I'm also setting this to the lowest priority and assigning it to you, since otherwise it is on the top of my hardware-requests.

RobH renamed this task from Procure hardware for Sentry to Procure hardware for Sentry - placeholder (not a live request).Mar 18 2015, 10:36 PM
RobH changed the task status from Open to Stalled.
RobH triaged this task as Lowest priority.
RobH set Security to None.

I'm pulling this off hardware-requests, as that project is for active hardware requests. Once you guys have a standard on what you need, please feel free to file a task, or update the main task description to what I need for hardware-requests, which is outlined https://wikitech.wikimedia.org/wiki/Operations_requests#Hardware_Requests

Tgr updated the task description. (Show Details)
Tgr renamed this task from Procure hardware for Sentry - placeholder (not a live request) to Procure hardware for Sentry.Mar 30 2015, 6:43 PM

This is a real request now :) Sorry for the initial confusion!

@Tgr: has the setup in labs been puppetized at this time? We tend to not allocate bare metal until then, since we don't want unpuppetized services on servers in production.

RobH raised the priority of this task from Lowest to Medium.Apr 16 2015, 6:11 PM

@Tgr: Just following up on this request; I see the basic puppetization has been merged live.

In the initial request, this states it cannot be run in labs due to private data. At this time, we now can offer an alternative to bare metal misc. servers, as we run ganeti virtual machines for production level VM instances. (We run many of our production micro-services out of these virtual machines.)

Since we are entirely uncertain of the hardware requirements (for good reason and explained in the initial request), may I suggest we place it in a ganeti vm? There is no issue of private data, since it is limited access similar to other production servers/services.

If the proposed ganeti VM isn't acceptable, let me know and I can list off a specification for allocation approvals.

If the proposed ganeti VM is acceptable, we should remove the hardware-requests project and add in the vm-requests tag. This then typically has @akosiaris approve it (Alex tracks/ensures we evenly balance out instances and resources), and then I'm happy to handle the ganeti instance allocation (per @akosiaris's specifications) and OS install.

Thanks!

Thanks for keeping this in mind, Rob :)
There are two blockers, integrating with some Wikimedia authentication method (T97133) and fixing the SMTP configuration (T116709). They are both small, I just can't find the time to get to them.

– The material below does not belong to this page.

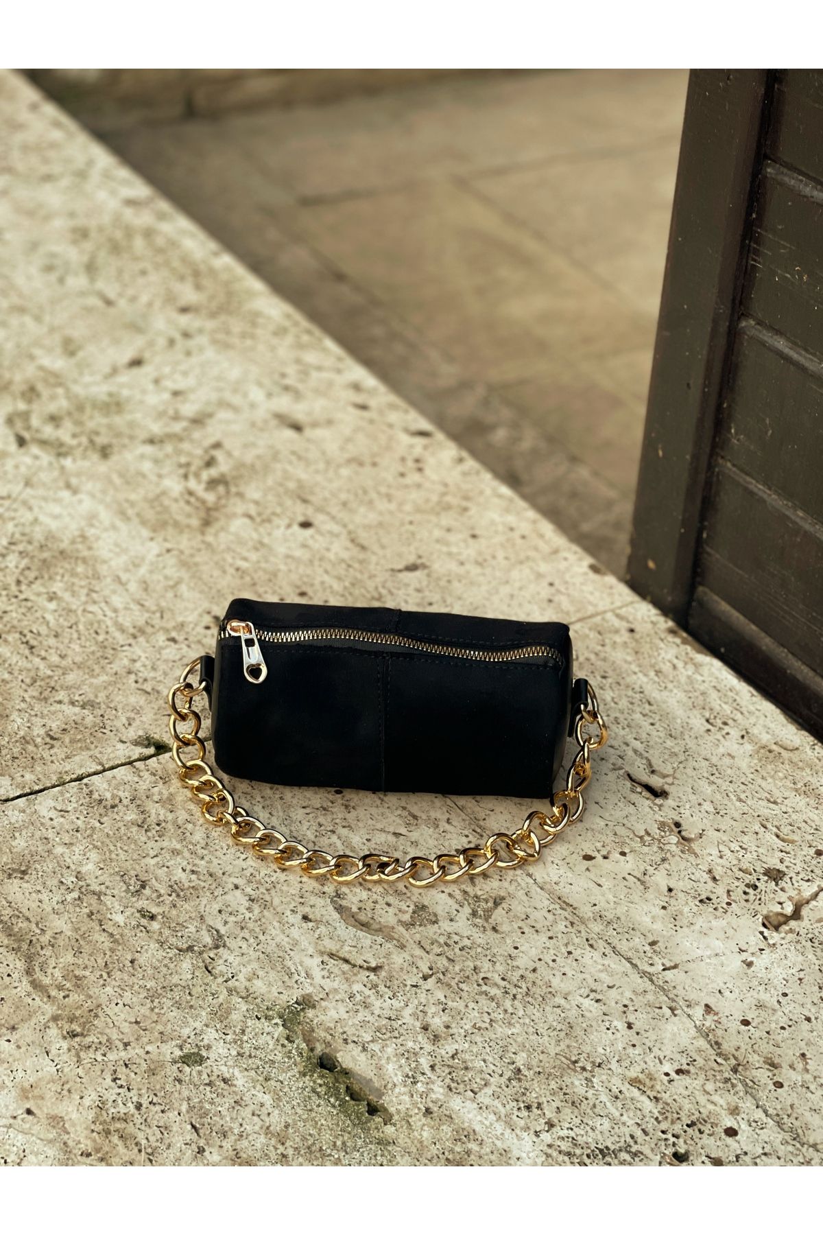 B Bag Official Mina Siyah Süet Silindir Mini Çanta

I don't know much about the practical difference between a bare metal server and a ganeti VM - if you think a VM is the appropriate choice, I'm fine with that.

This seems like it would indeed be better served by a Ganeti VM.

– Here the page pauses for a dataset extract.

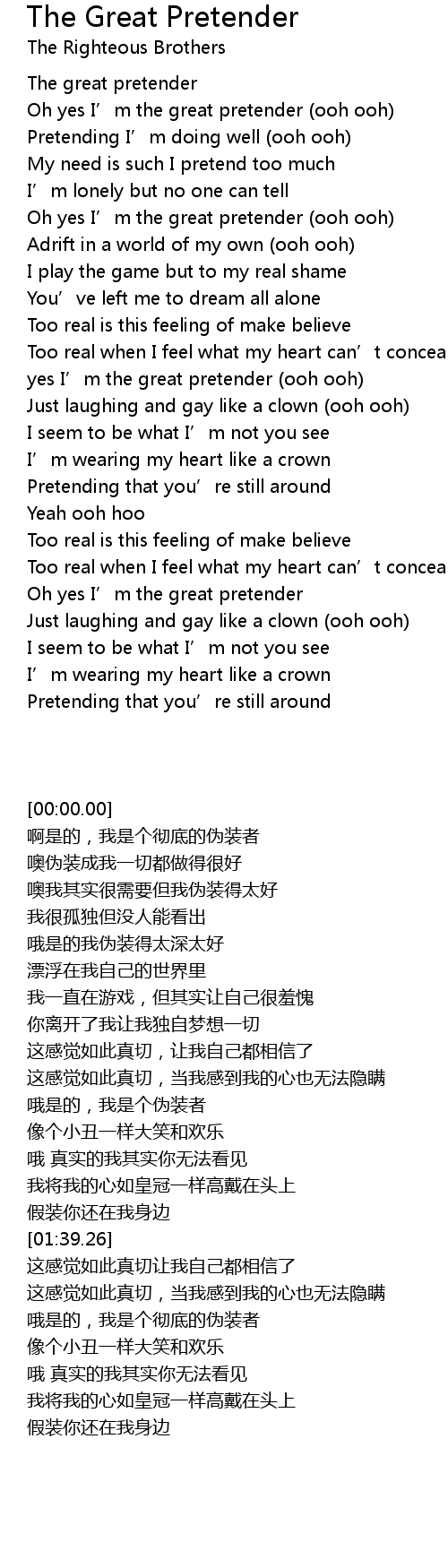| [00:01.47] | Oh yes I’m the great pretender (ooh ooh) |

I'll be removing hardware-requests and adding vm-requests.

Please note that since this is still pending puppetization of the service, it may be declined for now.

This has been sitting since Jan 2016. Any updates on what the real blocker is here (nowadays)?

Do you still request a Ganeti VM?

Do you still request a Ganeti VM?

@Dzahn the blocker is that no one is working on it. There is long-term interest from the Web team at least, but unsure when it will be picked up (and setting up Sentry would not be the first step of that work anyway). So I think we'll need a VM at some point but not right now.

The task is marked stalled for that reason, feel free to remove it from the relevant boards if it is getting in the way.

Ok, thanks @Tgr. I understand, just leaving it stalled. It's fine.

The reason i kept asking is because of the tag vm-requests and checking that during our clinic duty. So i removed that because currently it's not a request and then you also won't be pinged again by others. Just add that tag back once it's time to create a VM, thanks!

Per grandparent task. We use T226986: Client side error logging production launch instead in production, which uses existing hardware.